We also quantified an additional, relevant mappability bias, consisting of a significantly higher mappability at and around exons with strong SSs compared with exons with weak sites (Fig 2B) (Methods) with similar results for mouse (mm9 40nt reads, Figure A in S2 Fig). This bias in mappability persists in the 100nt region upstream of the 3’SS and downstream of the 5’SS when considering exons longer than 100nt in length (Figure B in S2 Fig). We observe that part of the significant difference in mappability lies on the exon. This will probably impact the calculation of exon percent spliced in (PSI) values [6, 7]. Given the potential for mappability to confound profile results, we considered it throughout our profile analyses (Methods). However, we found that in general mappability has a negligible effect on the results.

We next validated ProfileSeq for ChIP-Seq and GRO-Seq data. A number of genome-wide studies have observed a greater density of signal associated with RNAPII binding around TSSs compared to other regions, e.g. polyadenylation sites (pA-sites) [3]. We used ProfileSeq with ChIP-Seq data for RNAPII in K562 and HepG2 cells, as well as mouse embryonic fibroblasts (MEFs) (Fig 2C and Figures A and B in S3 Fig), and global run-on sequencing (GRO-Seq) for Imr90 and MEFs (Fig 2D and Figure C in S3 Fig), all centered at the same number of TSS and pA-sites from the same genes. All the obtained profiles show that the signal at the TSS is significantly greater than at pA-sites. The RNAPII profiles in HepG2 and MEF cells show a large peak just downstream of the TSS and another smaller one ~150–200nt upstream. This behavior was proposed to reflect the composite behavior of the TSSs in genes [8]. The K562 profiles behave similarly, but with a less pronounced, though still discernible, peak upstream of the TSS. We also observe significant accumulation of ChIP-Seq input reads at the TSS and depletion at the pA-site similar to the observed patterns for RNAPII. However, using ProfileSeq, we are able to show that the significant enrichment of RNAPII at the TSS persists even after accounting for the input signal in all cell lines (Fig 2E and Figures D and E in S3 Fig). Finally, stranded profiles for GRO-Seq in human (Fig 2D) and mouse (Figure C in S3 Fig) show a sharp peak just downstream of the TSS, as shown before for the human sample [3], and a smaller, but sharp peak at the pA-site as well as a second, broader peak downstream of the pA-site, which was proposed to be related to 3' cleavage before polyadenylation [3].
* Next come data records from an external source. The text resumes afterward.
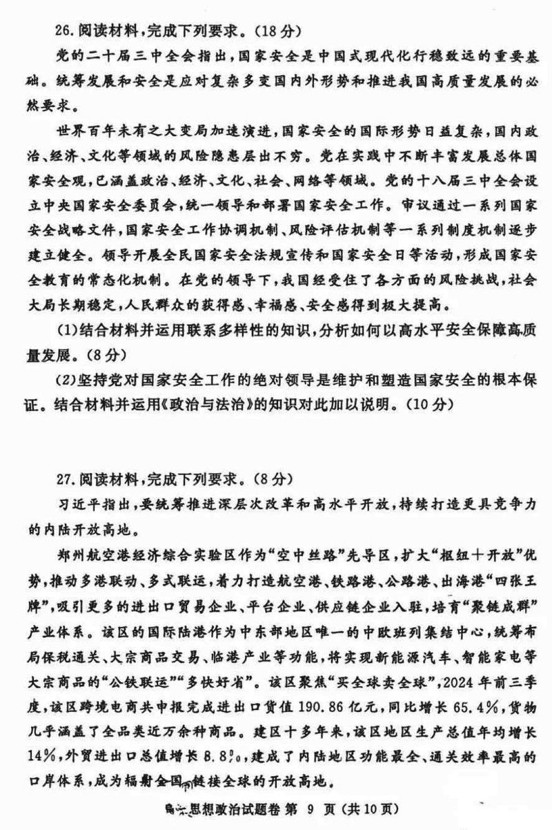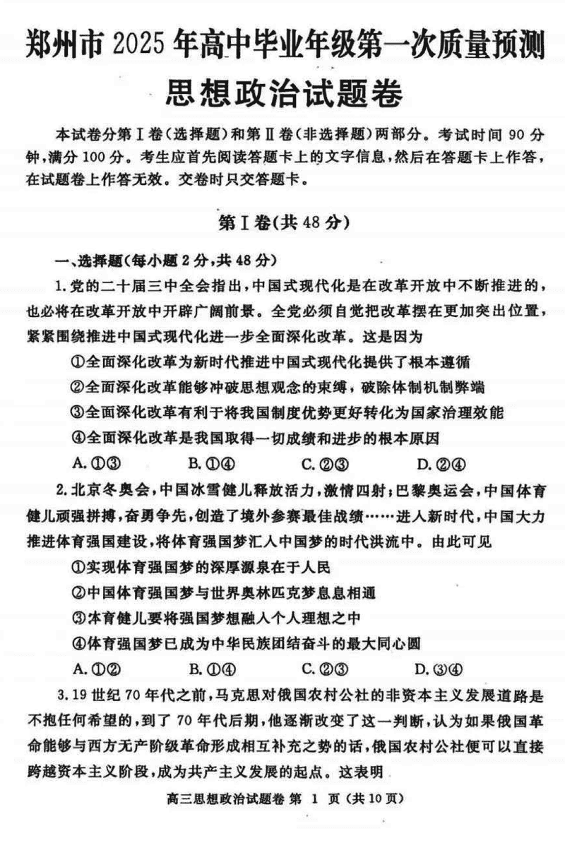 河南郑州2025届高三第一次质量预测政治试题及答案 时间:2025-01-20 河南 文综试题 河南郑州2025届高三第一次质量预测政治考试已于近日开考,为方便考生考后及时查看考试情况,查漏补缺、弥补不足,本文整理了试题答案解析相关信息! 汇总:河南郑州2025届高三第一次质量预测试题及答案汇总 政治试题及答案解析
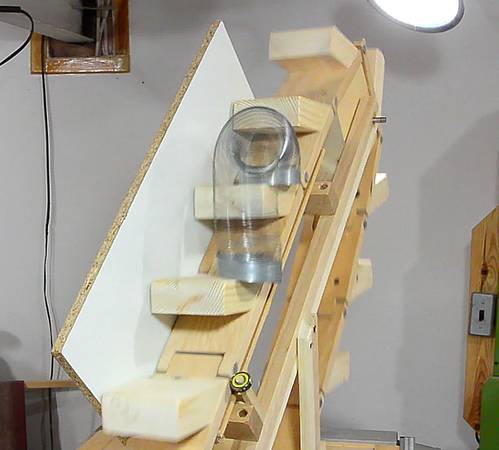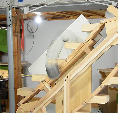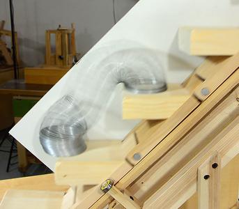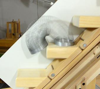 I never got the machine to be terribly reliable. Getting the slinky to descend 100 steps without falling off or starting to tumble is always an accomplishment, like getting a high score in a game, except that I have no control once the slinky is launched.
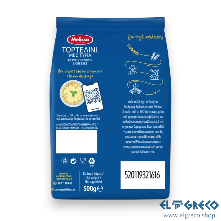 Тортелини с 5 сирена Melissa са изкусителна комбинация от автентичен италиански вкус и гръцко качество. Пълни с пет подбрани сирена – пармезан, рикота, ементал, гауда и крем сирене – те предлагат богат, неустоим вкус и кадифена текстура във всяка хапка.
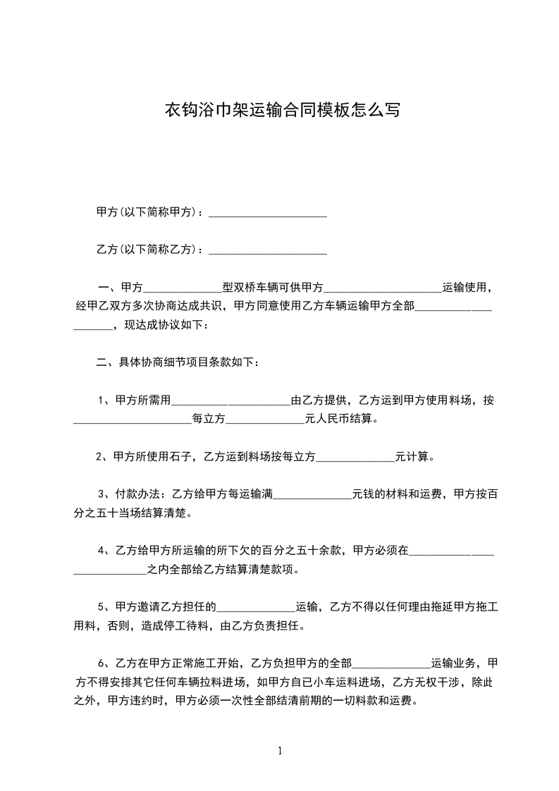 3、付款办法:乙方给甲方每运输满______________元钱的材料和运费,甲方按百分之五十当场结算清楚。
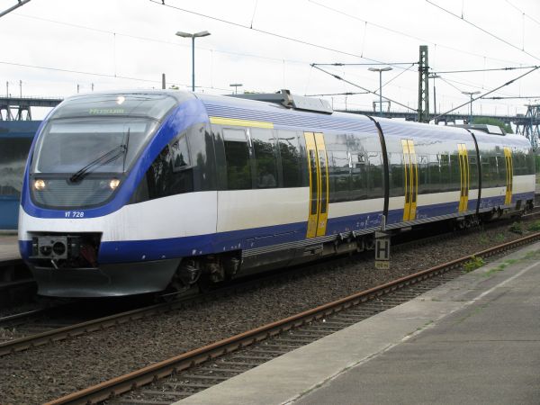 VT 728 Nord-Ostsee-Bahn Rendsburg 25.05.2008 Bisher fanden meine Begegnungen mit dieser Baureihe nur im Norden Deutschlands statt. Dieses im Jahr 2005 von Bombardier gebaute Fahrzeug ist hier im Bahnhof von Rendsburg auf dem Weg nach Husum. Im Hintergrund ist eben noch die Rampe zur Brücke zu erkennen. |

We also validated ProfileSeq using CLIP-Seq data. Several splicing factors are known to bind to exonic splicing enhancer (ESE) elements, thereby assisting in the inclusion of exons with weak splice-site signals [9]; various computational and experimental approaches have been used to successfully predict ESE motifs, e.g. [10,11]. The SR-proteins SRSF1 and SRSF2 are particularly well-studied splicing factors known to bind these ESEs [12]. We compared the profiles of CLIP-Seq reads for SRSF1 and SRSF2 from mouse cells [2] between the upper and lower quartiles of SS scores, for both 5' and 3' SSs separately (Fig 2F and 2G). Our profiles show a significantly greater read density in the weakest quartile compared with the strongest one, with very few reads at introns, which agrees with their main role in binding exons to enhance splicing. Additionally, the significance of the comparisons is maintained after correcting for mappability (Figures A and B in S4 Fig). Performing the same analysis for CLIP-Seq data for PTB [13] produced enrichment in the intronic region 100–125nt upstream of weak 3'SSs (Figure C in S4 Fig), consistent with previously reported patterns [14,15], whereas no difference was found when comparing weak and strong 5'SSs. Additionally, we observed significantly more PTB signal occurs on the body of exons with strong 5'SSs compared with exons with weak 5' SSs, even though this density is lower than at intronic regions (Figure C in S4 Fig). We conclude that ProfileSeq on CLIP-Seq data is consistent with the previous findings and also suggest new possible relations between PTBP1 binding and the strength of the nearby SSs.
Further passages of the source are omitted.